Steve Markle is a Canadian filmmaker, actor, writer, editor and producer best known for Shoot To Marry (2020), Testees (2008), and Camp Hollywood (2004).

Markle won a Gemini Award for his documentary Camp Hollywood in 2005, and won the Slamdance Film Festival Audience Award for Breakout Features for his documentary Shoot To Marry in 2020.

== Early life and education ==
Markle was born and raised in Toronto, Ontario. His father, Jack Markle, and uncle, Sam Markle, are pioneers of neon art. They created the iconic three-story neon record for Sam The Record Man and ran The Electric Gallery in Yorkville from 1970 to 1979.

In 1993, Markle graduated from Ryerson University as recipient of the Norman Jewison Filmmaking Award.

== Career ==
Markle directed TV commercials and music videos before taking a creative director position at Showcase, a Canadian TV network, in 1997. That same year, Markle ran for Mayor of Toronto in the 1997 Toronto municipal election promising origami parking tickets, and magical elves to handle road construction. Markle received 1,244 votes.

In 2003, Markle moved to Los Angeles. He performed at The Hollywood Improv and filmed comedy videos at the Playboy Mansion and the MTV Video Music Awards before taking the starring role in You’ve Got A Friend, a hidden camera show produced by Ashton Kutcher for MTV in 2004.

=== Camp Hollywood ===
In 2004, Markle wrote, directed, edited and produced the documentary Camp Hollywood which had its American broadcast premiere on Sundance TV. Camp Hollywood won a Gemini Award in Canada where it aired on IFC and CBC Television. Camp Hollywood follows aspiring actors, comedians and musicians residing at the Highland Gardens hotel, in Los Angeles, then a seedy hotel living on past associations with The Rat Pack, Janis Joplin and other rock stars.

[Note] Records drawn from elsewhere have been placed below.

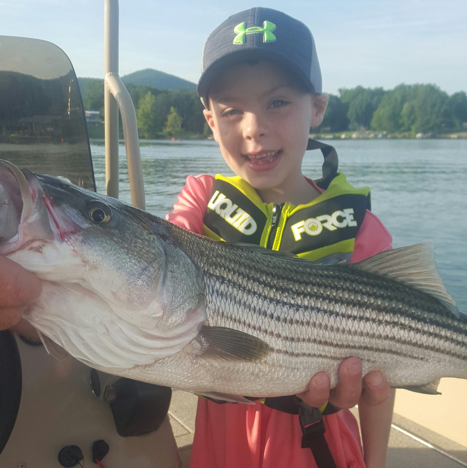 Picture: Colin Elder 7 yrs. old from Brookneal, Va., with his first striper that was caught & released in September, while fishing with his grandfather John Mason and Captain Dale.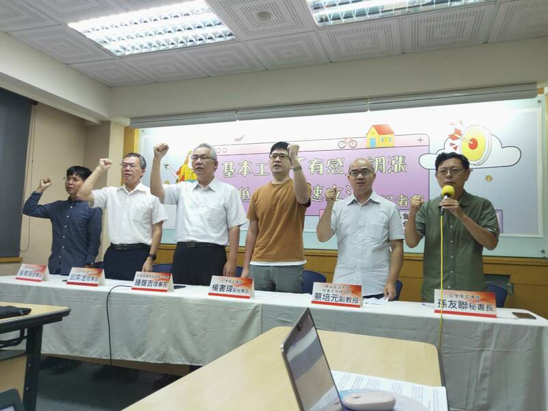 【台灣醒報記者呂翔禾台北報導】「調漲最低工資應該有法源依據,應儘速制定《最低工資法》!」勞團4日召開記者會,呼籲政府應儘速制定《最低工資法》。台灣勞工陣線副秘書長楊書瑋表示,台灣民生物資大漲,透過委員會協商漲幅並不夠,應該依據民生物價通膨等指標,制定《最低工資法》調整基本工資,符合社會觀感。
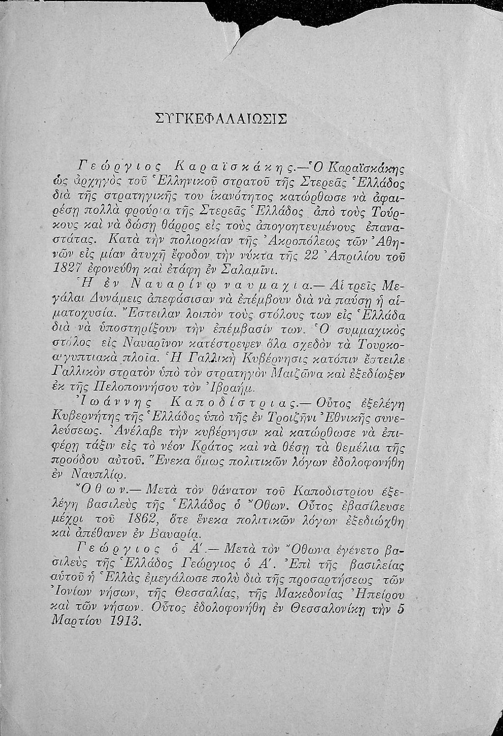Κωδικός αναγνώρισης: 01-17770 Τίτλος: Ιστορία της Νεωτέρας Ελλάδος Περιέχουσα την ύλην του προγράμματος της ΣΤ΄ τάξεως των Δημοτικών Σχολείων Συγγραφέας: Φωκίων Φωτόπουλος Μέγεθος και υπόστρωμα: Μαθητικό βοήθημα, μαλακό εξώφυλλο, 72 σελίδες. Σκίτσα και εικόνες (ασπρόμαυρα). |
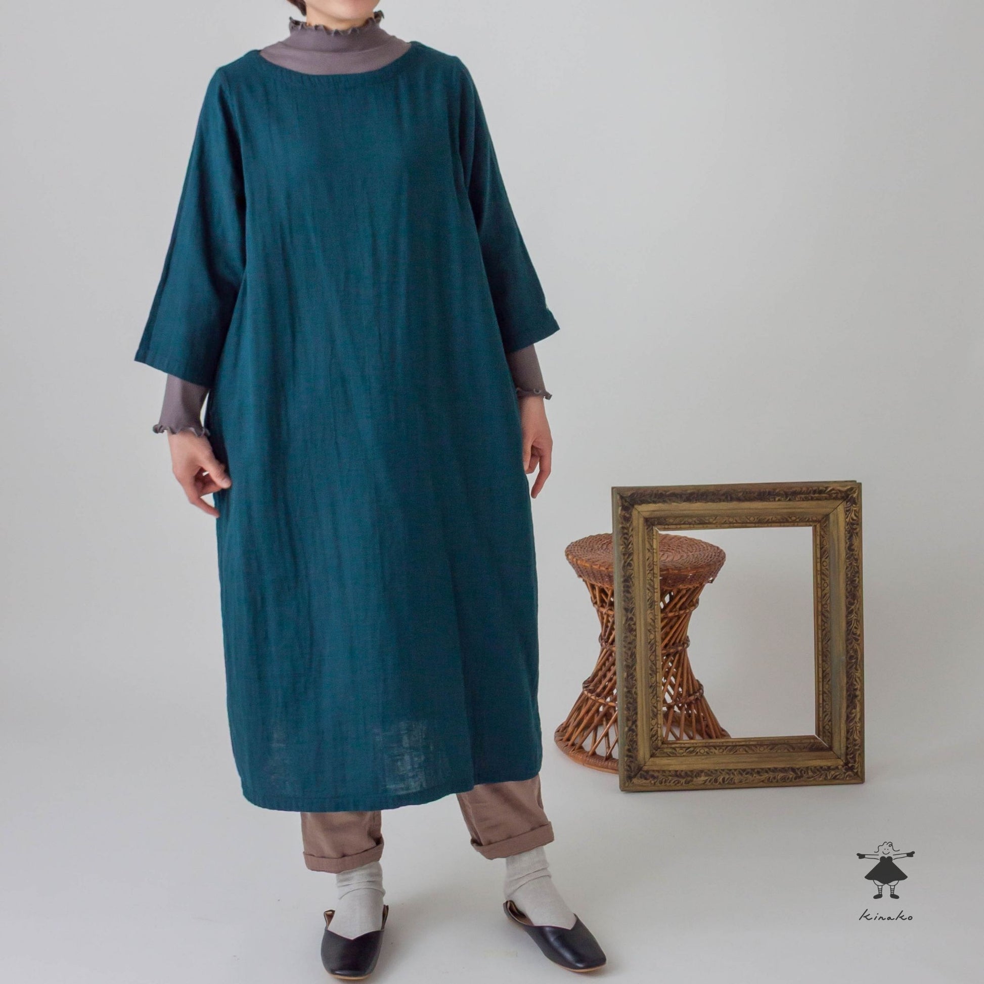 ダブルガーゼ七分袖ワンピース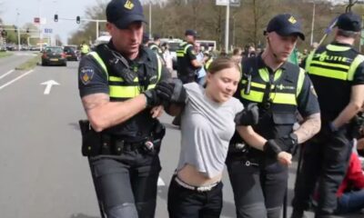 Reprodução/Twitter Greta Thunberg é carregada por policiais na Holanda A ativista ambiental sueca Greta Thunberg foi detida pela polícia holandesa em Haia, neste sábado (6), durante...
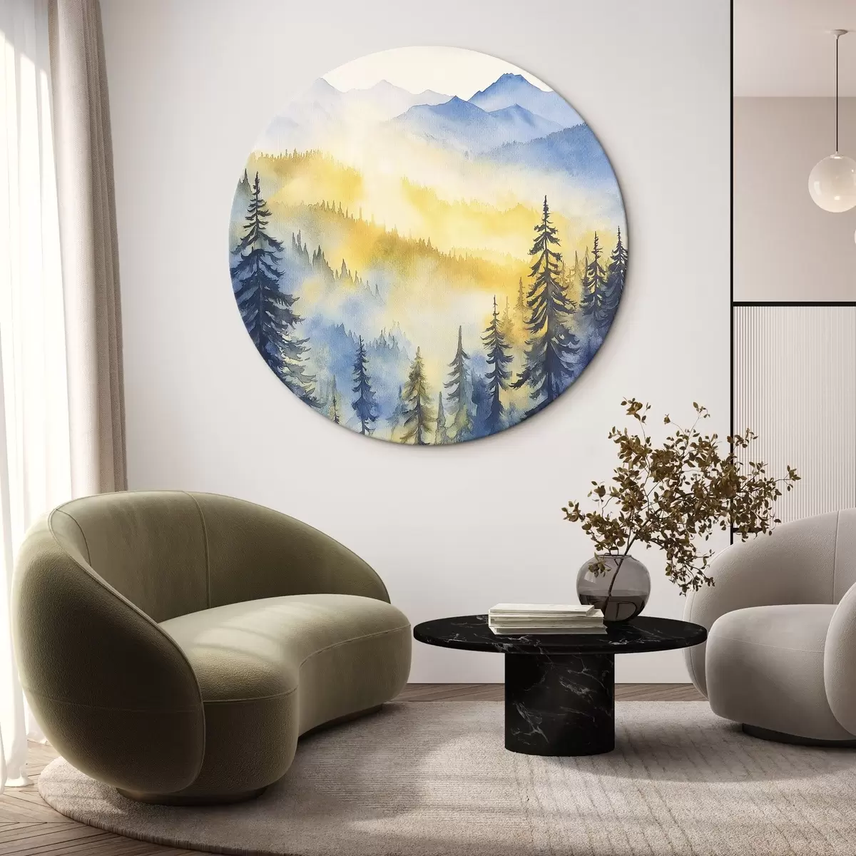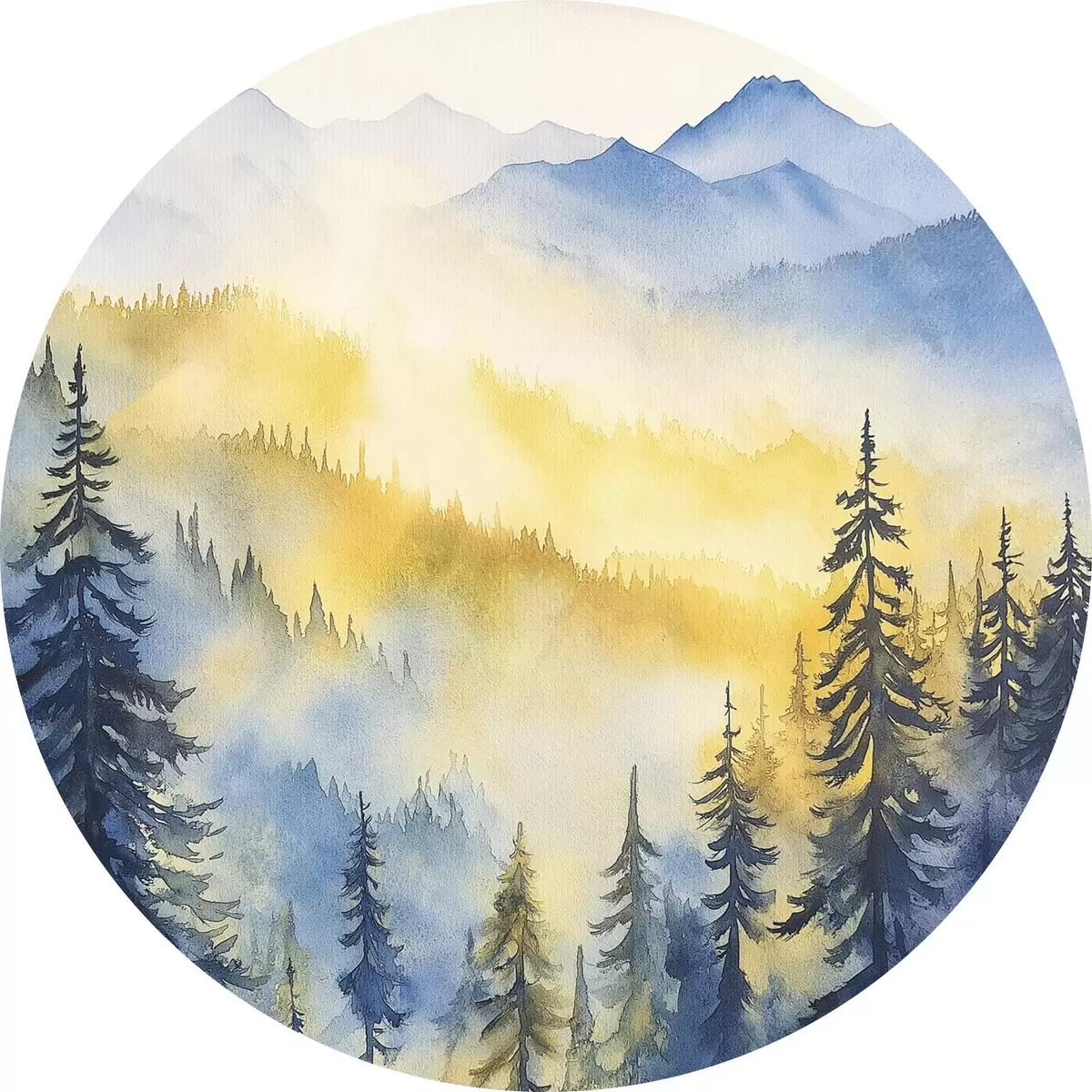 Tableaux ronds Montagnes brumeuses au lever du soleil, forêts de pins, couleurs bleues et jaunes r44602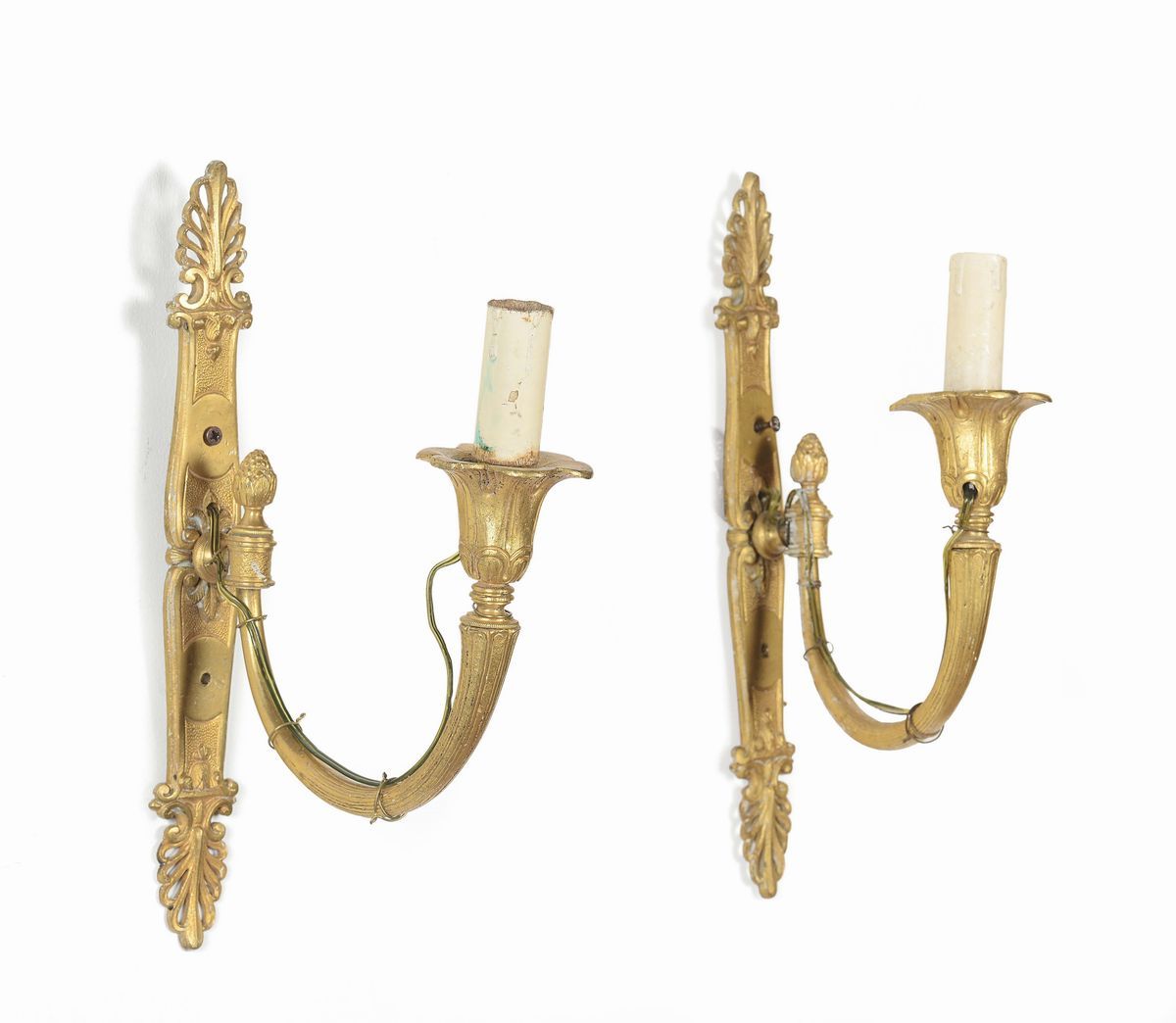 Coppia di appliques in bronzo dorato a una luce, XIX secolo

The documentary, which sees Markle trying to live at the hotel for 60 days in order to become a stand-up star, is considered a cult classic and features cameos by Mark Margolis and Malin Åkerman.

=== Testees ===
In 2008, Markle starred in the FX comedy series Testees. Markle plays a slacker who works as a human guinea pig. Testees aired on FX in the U.S., the TV network Showcase in Canada, and on Comedy Central in Germany, Austria and the Netherlands.'

=== Shoot To Marry ===
In 2020, Markle’s documentary Shoot To Marry had its world premiere at the Slamdance Film Festival winning the Audience Award for Breakout Features. Shoot To Marry had its European premiere at the Raindance Film Festival and its Canadian premiere at the Canadian Film Festival where it won the award for Best Feature. Written, directed, edited and produced by Markle, the documentary follows the filmmaker, heartbroken from a failed Christmas proposal, as he films interesting women on a search for enlightenment and love.

Shoot To Marry was released by Gravitas Ventures in the U.S. and by Northern Banner Releasing in Canada where it premiered on Super Channel.

== Selected awards and nominations ==

- 2005 Gemini Award for Best Performing Arts Program or Series or Arts Documentary Program or Series: Camp Hollywood (2004)
- 2005 nomination, Gemini Award for Best Writing in a Documentary Program or Series: Camp Hollywood (2004)
- 2009 nomination, Canadian Screen Award for Best Comedy Series: Testees (2008)
- 2020 Slamdance Film Festival Audience Award for Breakout Features: Shoot To Marry
- 2020 Canadian Film Festival Award for Best Feature: Shoot To Marry

== Selected filmography ==

- Camp Hollywood (2004) (Writer/Director/Editor/Producer)
- Shoot To Marry (2020) (Writer/Director/Editor/Producer)

== Television ==

- You’ve Got A Friend (2004) (Actor)
- Testees (2008) (Actor)
- Razzberry Jazzberry Jam (2008-2011) (Actor)
- Kenny vs. Spenny Christmas Special (2010) (Actor)
- Breakout Kings (2011) (Actor)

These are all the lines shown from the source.